Local newspaper editors say public bodies becoming more secretive

Local newspaper editors believe public bodies are becoming more secretive, according to a survey conducted by the Newspaper Society for Local Newspaper Week, which ran from 10-16 May 2010.
Nearly 80 per cent of local newspaper editors believe public bodies such as the local council, police or health authority are becoming more secretive, according to an NS survey.

Just 10 per cent of editors from weekly and daily titles said getting information from public bodies had become easier in recent years while 13 per cent said it was neither harder nor easier.

The online survey of local newspaper editors was conducted by the NS for Local Newspaper Week which this year is themed Your Voice.

It found that more than a third (35 per cent) of editors had experienced having a reporter prevented from attending a public meeting or prevented from reporting details from it. 

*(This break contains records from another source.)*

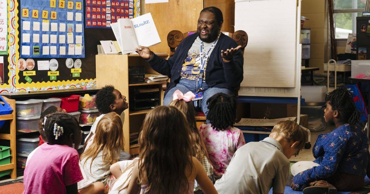 Dwayne Taylor, de 47 años, maestro de kínder en Frontenac, Kansas, se sintió atraído por el trabajo en parte porque fue criado por una madre soltera, sin modelos masculinos a seguir. “Quería ser eso para los futuros estudiantes”, dijo.
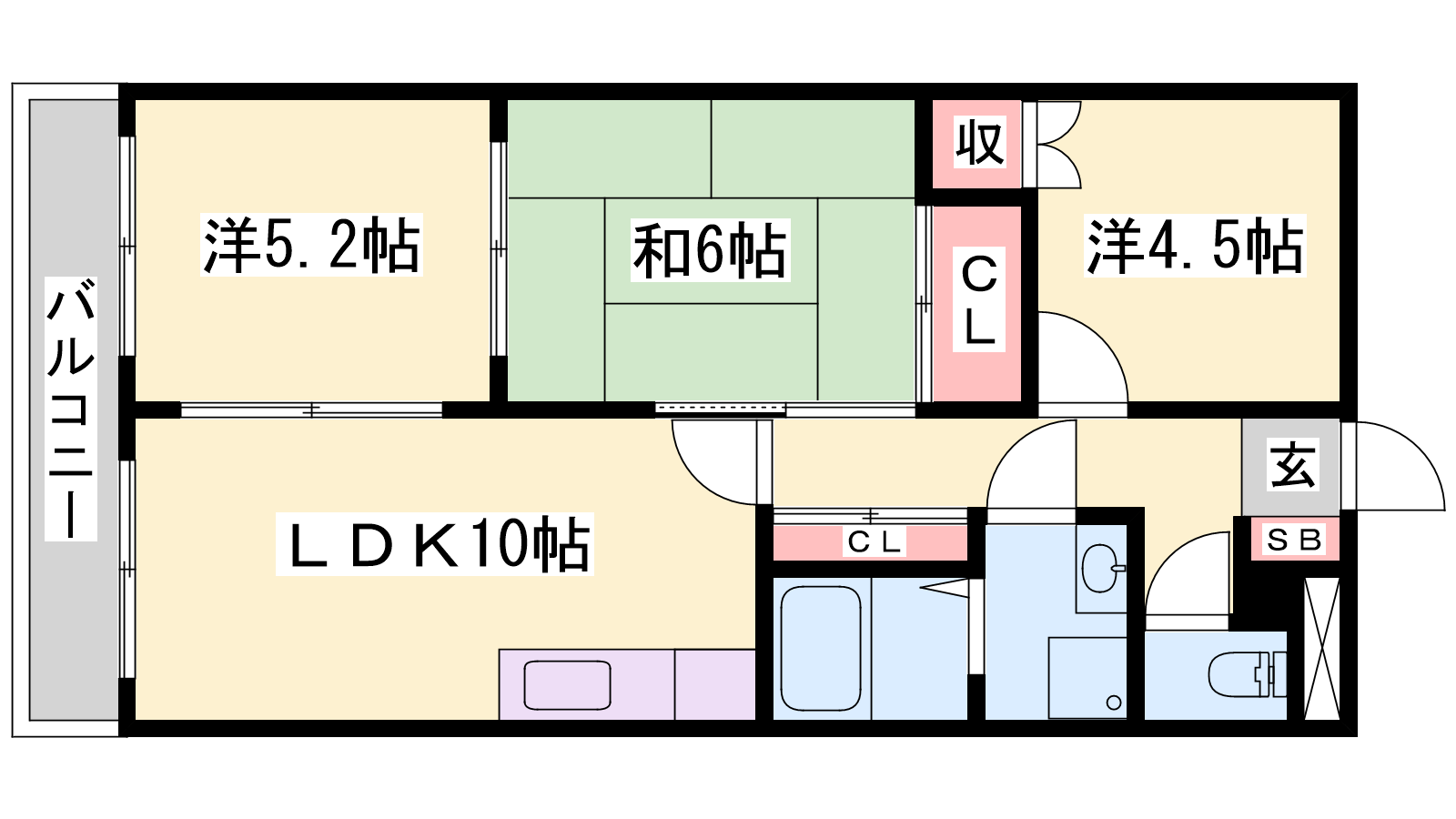 - LDK10帖、和室6帖、洋室5.2帖、洋室4.5帖
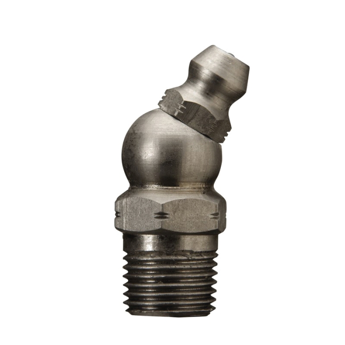 Alemite® Hydraulic 30 deg Grease Fitting, Connection Size 1: 1/8 in, Connection Type 1: PTF, Material Construction: Stainless Steel, 11/32 in Length Shank, Hex Size: 7/16 in, Check Valve Type: Ball, 1-1/4 in Length
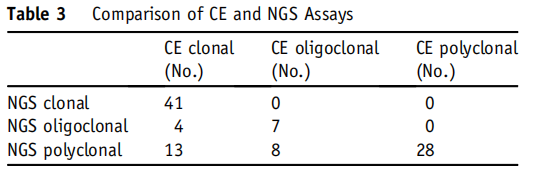 4个样本被CE称为克隆,但被NGS称为寡克隆。其中2例无血液淋巴样恶性肿瘤的临床病理证据,提示CE结果可能是假阳性。另两个样本显示CE鉴定的两个主峰和NGS鉴定的多种显著性克隆型,可能代表双克隆过程。这突出了CE检测的一个重要局限性,即在CE上显示相同大小的不同克隆重排不容易被区分。而NGS可以通过其独特的序列来区分这些克隆型。
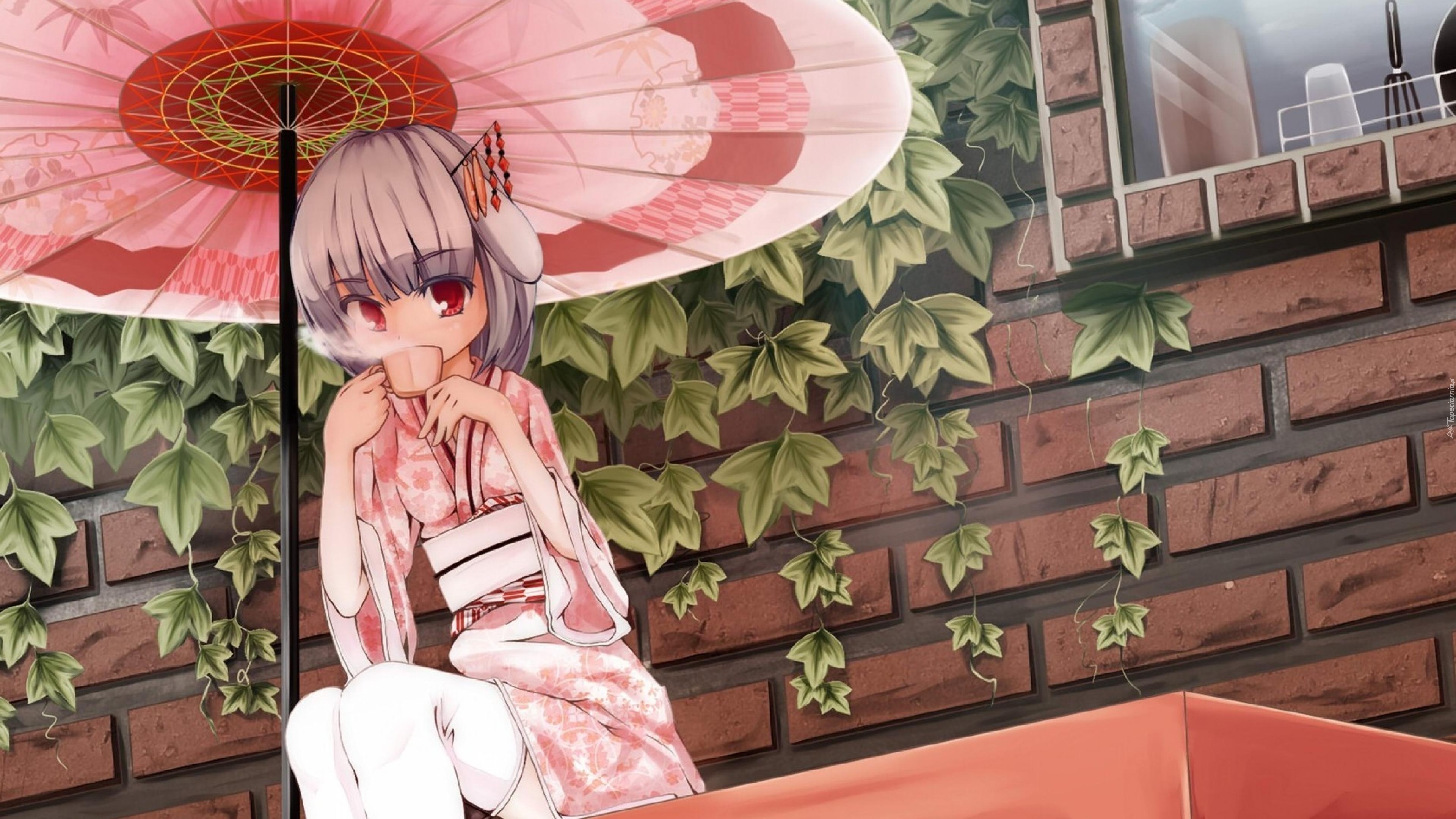Edytor tapety: Dziewczynka, Filiżanka, Parasolka

Eighty-two per cent of those who had encountered these obstructions had challenged them and more than two thirds (67 per cent) of those challenges were successful.
In the past year, the average local newspaper submitted 16 FoI requests and in 81 per cent of cases, the information requested was successfully obtained.
A recent paper by James Morrison, senior lecturer in journalism at Kingston University, also concluded that council decision making has become more secretive.
While Whitehall has been trumpeting its moves to improve monitoring of waste managers and care home owners, the machinery of local government in the here and now - short, the way political decisions affecting tomorrow's services are being taken - has become ever more opaque.
Morrison highlights the Local Government Act 2000 which led to the introduction of Westminster-style cabinets and executives and the appointment of political assistants modeled on ministerial special advisers:
The combined effect of these twin developments has been to maximise the ability of council cabinets/executives to take policy decisions in secret, while minimising that of the press, public, or indeed councillors shorn of 'frontbench' roles to scrutinise or challenge their actions. Meetings of council committees and the full council – once energetic arenas for public debate and knife-edge votes on controversial issues (not to mention sources of lively news copy) – have been reduced to little more than a rubber-stamp…With council meetings downgraded to the status of talking-shops, it’s little wonder that today’s local newspaper editors – faced with ever-tighter budgets and 24-hour deadlines for their web operations – are voting with their feet and ceasing to cover them.”
The paper quotes one response from a Yorkshire based paper:
We have experience of cabinets meeting both in public and privately. Our experience has been that the LGA has made councils more secretive and less open. The idea of cabinet responsibility has made it harder to question decisions and we have to rely on FOI more than I would like. For instance, ten years ago only the largest councils had press offices to field questions. Smaller district councils gave direct access to senior officers. This is no longer the case.